The relationship is not the asset. The relationship is what keeps the assets in their high-value configuration. TSMC’s reserved fab capacity for Nvidia is itself the specific asset; the multi-decade trust between the two firms is what prevents either side from defecting and collapsing that asset’s value. Same on the other side: Nvidia’s Hopper-Blackwell-Rubin supply commitments are the specific asset; the relationship is the structure that keeps them economic.

You know you are in this configuration when three signs co-occur.
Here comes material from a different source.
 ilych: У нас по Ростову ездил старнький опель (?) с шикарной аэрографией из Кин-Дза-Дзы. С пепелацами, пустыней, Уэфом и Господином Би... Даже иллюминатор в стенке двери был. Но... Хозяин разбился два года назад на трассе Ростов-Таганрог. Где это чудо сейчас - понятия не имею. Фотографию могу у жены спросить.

First, exit costs are highly asymmetric: walking away destroys more value for the leaver than for the counterparty, but both lose meaningful surplus. Second, contracts cannot fully specify the relationship, because too many contingencies are unknowable upfront, so trust does the work that paper would do in a spot transaction. Third, the relationship itself starts to be valued and protected as an asset, with dedicated relationship managers, joint roadmaps, multi-year reviews. The thirty-year Nvidia / TSMC relationship has all three signatures.

The implications follow directly. In a relationship with specific assets, opportunism is not just rude; it is value-destructive on both sides simultaneously. Surge pricing inside such a relationship would shrink the relational surplus that finances both companies’ growth: the hyperscaler reduces its commitment volume next cycle, TSMC re-balances toward other customers, the joint roadmap stops compounding. Williamson formalised this as the central insight of transaction cost economics, for which he received the Nobel Prize. This connects directly to the institutional knowledge thesis we developed in the previous paper: trust accumulated over decades inside relationship-specific investment is itself a form of institutional capital that cannot be reproduced by any third party, however well capitalised.
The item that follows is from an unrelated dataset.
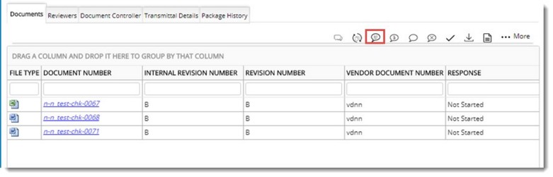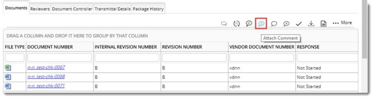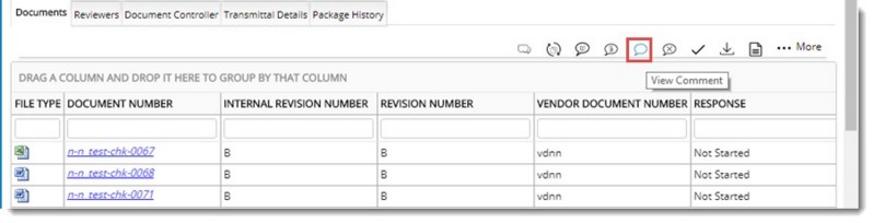 - In the grid select the document for which you want to view the comments attached to it.

Second, repeated information. The hyperscaler does not interact with Nvidia once. It interacts every cycle, every product generation, with a memory of every prior interaction. Robert Axelrod, in The Evolution of Cooperation (1984), ran the famous tournament that demonstrated empirically how repeated games change the equilibrium⁸. The strategy that wins, against all comers, is not maximum extraction. It is tit-for-tat: cooperate by default, retaliate against defection, forgive once retaliation has corrected behaviour. The point that survives the tournament is that cooperation emerges spontaneously in repeated games where players have memory and where the future matters relative to the present. The optimisation horizon drives the cooperative equilibrium.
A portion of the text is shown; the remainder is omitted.